Data Sourcing Workflow
Overview
The Deeptrain workflow transforms raw, unstructured multi-modal data into structured, model-interpretable formats. This lifecycle ensures that whether your data originates from a YouTube video, a local image, or a complex flowchart, it is normalized and vectorized for seamless consumption by your AI agents.
Step 1: Data Ingestion
Deeptrain acts as a universal bridge, allowing you to ingest data from diverse external and local sources.
Supported Sources
- Video: YouTube URLs, Vimeo links, and local video files (
.mp4,.mkv, etc.). - Audio: Local recordings and hosted audio streams.
- Visuals: Images, flowcharts, and diagrams (
.png,.jpg,.svg). - Text: Local documents and live web data.
Configuration Example
To begin ingestion, you define your source and initialize the connector:
from deeptrain import DataConnector
# Initialize for a remote video source
connector = DataConnector(
source_type="video",
provider="youtube",
config={"api_key": "YOUR_OPTIONAL_KEY"}
)
# Ingest a specific resource
data_stream = connector.ingest("https://www.youtube.com/watch?v=example_id")

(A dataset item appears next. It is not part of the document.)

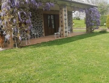 Orvieto (TR) località Buon Respiro, in posizione dominante Dista 8 Km da Orvieto e 6 km dal Lago di Bolsena lungo la Strada Statale 71 Terreno di 4 ha con sovrastante casale in pietra rifinito con materiali di pregio composto da casa padronale di Mq 180 c. a. con portico di Mq 30 c. a. e dependance di Mq 40 c. a. (unico ambiente) con camino e grotta. La casa padronale ha una superficie di Mq 180 c. a. su due livelli: piano terra composto da salone...

Step 2: Processing & Transcription
Once ingested, raw data is passed through Deeptrain’s processing layer. For video and audio, this involves the Transcribe API, which converts multi-dimensional signals into text-based tokens that LLMs can process.
The Transcribe API
The Transcribe API is the primary interface for converting visual and auditory data into textual context.
Input Parameters:
| Parameter | Type | Description |
| :--- | :--- | :--- |
| input_data | String/File | The URL or local path to the media file. |
| mode | String | Processing mode: transcribe (audio-to-text) or analyze (visual context). |
| language | String | (Optional) Target language for transcription. |
Usage Example:
# Processing a video file for AI training
processed_content = deeptrain.transcribe(
input_data="path/to/video.mp4",
mode="transcribe"
)
print(processed_content['text']) # Output: Extracted transcription
Step 3: Vectorization and Local Storage
To overcome the context window limitations of standard LLMs, Deeptrain utilizes a Localized Embedding Database. Processed data is automatically chunked and converted into vector embeddings.
- Internal Role: While the vectorization logic is internal, users interact with the storage layer to retrieve relevant context in real-time.
- Real-time Retrieval: When an AI agent is queried, Deeptrain performs a similarity search within this local database to fetch the most relevant data "shards" from your ingested sources.
Step 4: Model Integration
The final stage of the workflow is feeding the processed, relevant data into your chosen model. Deeptrain is model-agnostic, supporting over 200 private and open-source models.
Integrating with Agents
You can connect the processed data stream directly to your agent's inference cycle:
from deeptrain import Agent
# Initialize an agent with a specific LLM
my_agent = Agent(model="gpt-4" or "llama-3")
# Attach the processed multi-modal context to the agent
my_agent.attach_context(data_stream)
# The agent now has access to video/image data in its prompt context
response = my_agent.query("What was discussed in the video at the 5-minute mark?")
Output Format
The data returned to the model is formatted as high-density text or structured JSON, ensuring compatibility even with non-vision-enabled models. This allows you to "enable" computer vision and audio capabilities on standard text-based LLMs.